According to the National Bureau of statistics, although the retail sales month rate in Britain recorded a slight decline in 8 months after the surge in July, the potential trend of the industry remained strong. Overall, the data did not suggest that the consumer confidence in the UK referendum dropped sharply after the euro.

The Bank of England voted 9-0 to maintain the benchmark interest rate unchanged at 0.25%, keeping the central bank's asset purchase scale unchanged at 435 billion, which is in line with expectations. Most members predict that if the outlook for August is confirmed, there will be another interest rate cut in the year. Some recent economic indicators are better than expected. Inflation is expected to reach the 2% target in the first half of 2017.

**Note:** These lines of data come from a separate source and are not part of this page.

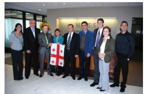
Delegation visiting Hall Booth Smith & Slover PC, Atlanta, GA.

Coca-Cola museum, and CNN Center. Many of the Georgians said their favorite experience while exploring Atlanta was an unforgettable visit to the Hawks game where they had an opportunity to meet with Zaza Pachulia, who is a native of Georgia.
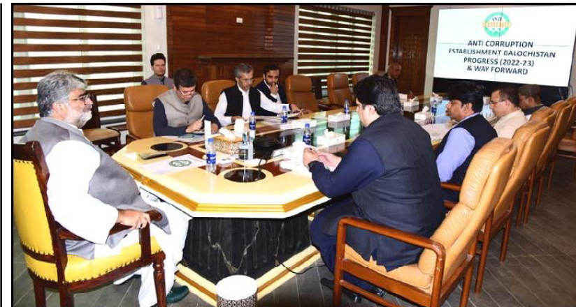
QUETTA: Caretaker Chief Minister Balochistan, Mir Ali Mardan Khan Domki chairing a meeting held to review performance of the Balochistan Anti-Corruption Establishment

The caretaker Provincial Minister for Home, Captain (Retd) Muhammad Zubair has appreciated the performance of district administration on successful action taken against the hoarders.
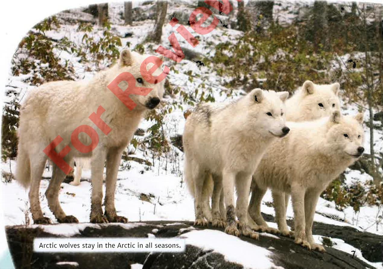
Arctic wolves stay in the Arctic in all seasons.
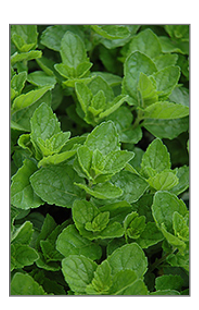
Spearmint foliage
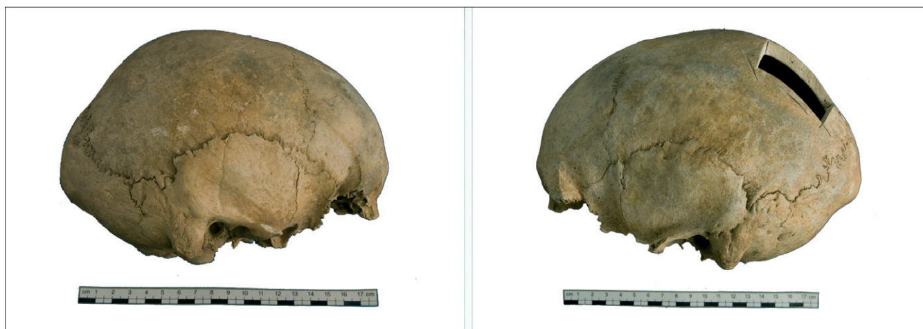
Fig. 1 Lateral aspects of the cranium from Zagajci. The left lateral view (on the right) shows the cranium after taking a bone for DNA sampling. No inv. no. assigned.

Sl. 1 Postranični prikazi lubanje iz Zagajaca. Lijevo postranični prikaz (desno) pokazuje lubanju nakon uzimanja uzorka kosti za analizu DNK. Bez inventarnog broja.
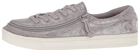
LEFT = 3 shot
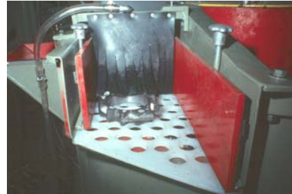
Optional Screen Deck Spray Rinse
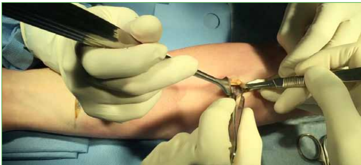
Figure 3. Proximal superficial fasciotomy.

A proximal (Figure 3) and a distal fasciotomy (Figure 4) are performed, and then a subfascial blunt dissection is performed to the distal incision. Next, a fasciotomy is performed on the vertical axis of the forearm, from the proximal incision to the distal one. If poor muscle implantation of one of the flexor muscles is detected, the fasciotomy is continued from the small distal incision towards the carpal tunnel without the need to section the flexor retinaculum of the hand. Then, the flexor carpi ulnaris muscle is moved radially to identify the flexor digitorum profundus muscle, which is covered by the deep antebrachial fascia. Once identified, a vertical fasciotomy is performed for decompression of the deep volar compartment. The deep volar fascia is sectioned with a scalpel following the vertical axis of the flexor digitorum profundus muscle. This VIDEO ► shows the subcutaneous and subfascial dissection approach for superficial volar fasciotomy.
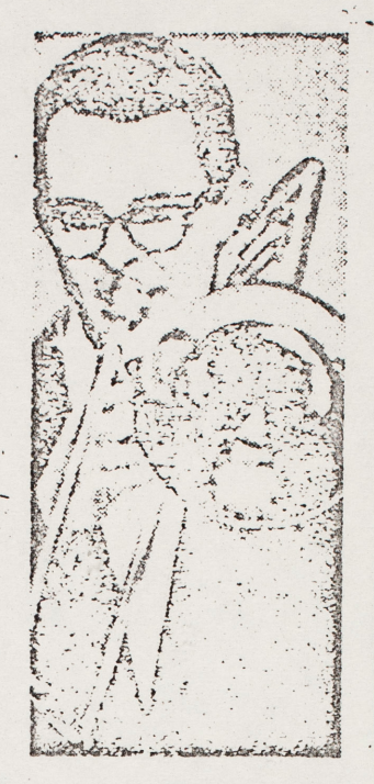
STUART DEMPSTER Musical and rambunctious

College. It's cheaper than rockets and lots more fun.
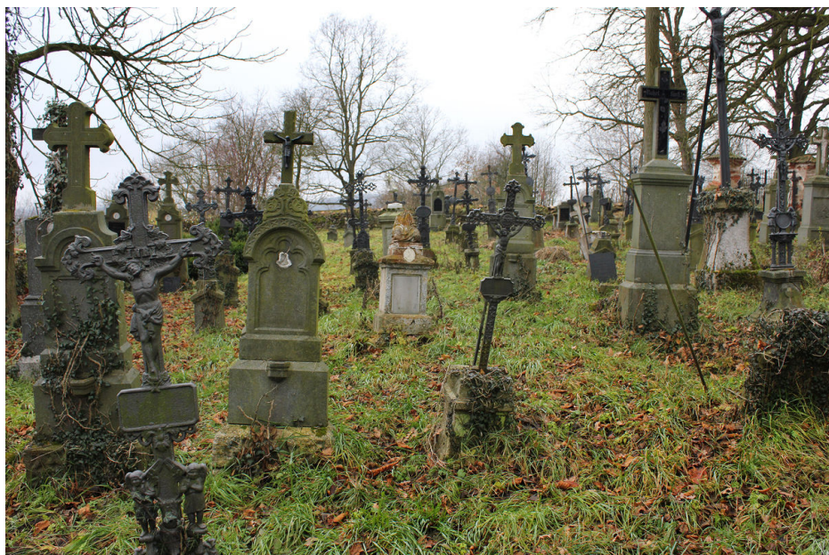
Cemetery at Tasnovice.
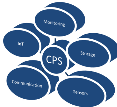
Figure 3. The concept of cyber-physical systems

The largest number of analyzed papers, as many as 72 papers, indicate a direct link between productivity and digital technologies used in the digital transformation and implementation of smart factories. Almost all of these isolated studies imply that digital technologies have a positive impact on the productivity of manufacturing companies. The productivity of smart manufacturing systems is undoubtedly very closely related to the application of digital technologies shown in Figure 2.
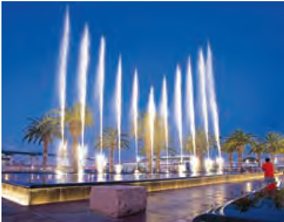
One of the new fountains at the Harbor Gateway.

location, there is no boundary between people and water, and visitors can get as wet as they like in jets that leap playfully out of the pavement. More than 20 years ago, the fountain builders, Los Angeles-based WET Design, first introduced the then-revolutionary concept of a fountain emitting directly from the ground, not a pool.
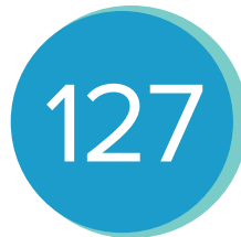
NUMBER OF FAMILIES SERVED IN ANY CAPACITY

   British Central Mika F Siti, member of the committee, said that expanding QE is still not necessary and will not anticipate the economic outlook for 2017 and 2018. The market is widely expected to stay put this time, because the British central bank has cut interest rates to a record low last month and reintroduced asset purchase plans.

Although some critics say the Bank of England cut interest rates to a record low of 0.25% in August, restarted asset purchases and relaxed lending by offering cheap loans to banks, it is expected that the Bank of England will resume again later this year. Rate cut And this month is unlikely to cut interest rates.

According to Reuters survey, the nine members of the British central bank were likely to unanimously maintain the index interest rate unchanged at 0.25% at the September meeting. At the same time, the central bank will hint that it is possible to further reduce interest rates at the next meeting in November, hoping to help the economy cope with the impact of the June referendum.

Economist Douglas said the Bank of England will be in August. interest rate In the September, it will remain unchanged after 0.25% of the new low. In view of the interest rate cut in August and other package measures, the British central bank eased the economic pressure after Britain accidentally left Europe.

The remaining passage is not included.